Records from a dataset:
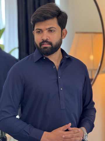 Zair Navy Blue Collar Shalwar Kameez
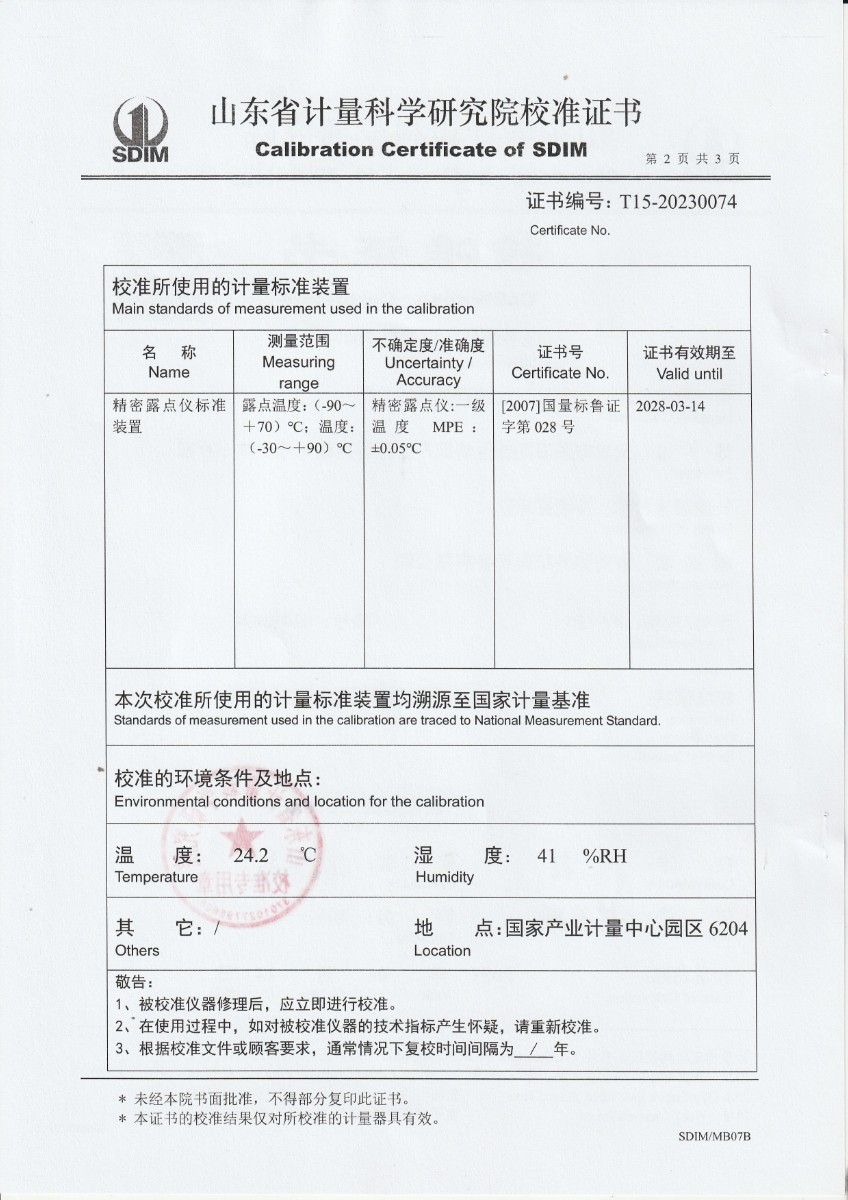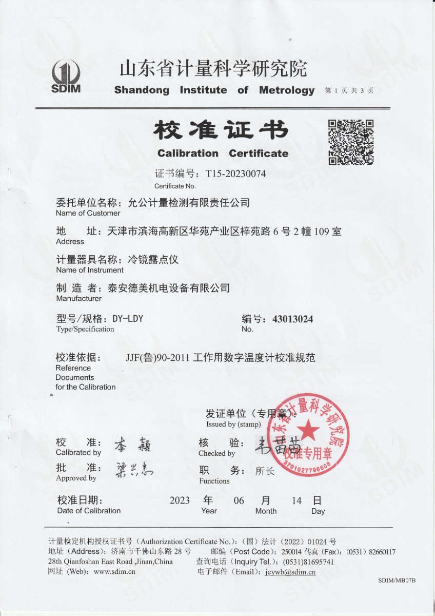 允公計(jì)量檢測(cè)有限責(zé)任公司-冷鏡露點(diǎn)儀校準(zhǔn)證書 2023-6-25 本文被閱讀 14319 次
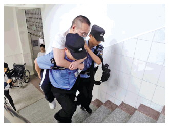 襄陽市公安局高新區(qū)分局將工作中發(fā)現(xiàn)的、身患殘疾行動不便考生送到考場,多名民警接力將其背到考試教室。
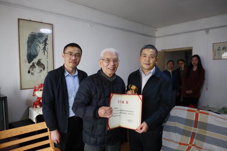 4月13日下午,中国翻译协会常务副会长、中央广播电视总台影视翻译制作中心主任王璐,中央广播电视总台离退休干部局局长牛道斌,中国外文局翻译院副院长李伟勇到2023年“翻译文化终身成就奖”获得者李顺然先生家中拜访。王璐和牛道斌共同向李顺然先生颁发“翻译文化终身成就奖”奖杯及证书。
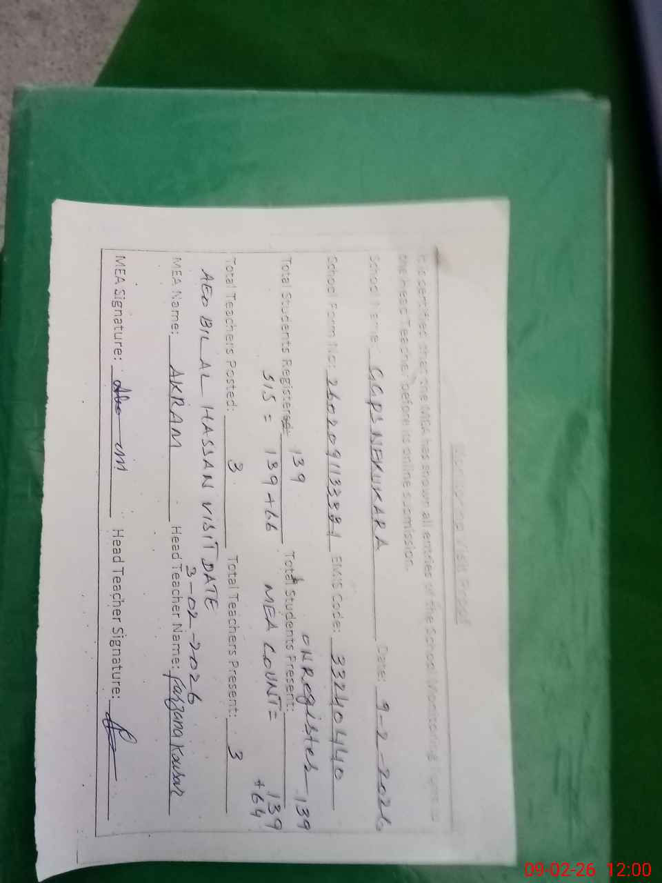 | Attendance Register | Head Teacher | MEA with School | Visit Proof |

=== YOUR GOAL ===
Set down, word for word, the line that holds "4月13日下午,中国翻译协会" and all lines after it to the end of the entries above, but not the pictures.

=== RESPONSE ===
 4月13日下午,中国翻译协会常务副会长、中央广播电视总台影视翻译制作中心主任王璐,中央广播电视总台离退休干部局局长牛道斌,中国外文局翻译院副院长李伟勇到2023年“翻译文化终身成就奖”获得者李顺然先生家中拜访。王璐和牛道斌共同向李顺然先生颁发“翻译文化终身成就奖”奖杯及证书。
 | Attendance Register | Head Teacher | MEA with School | Visit Proof |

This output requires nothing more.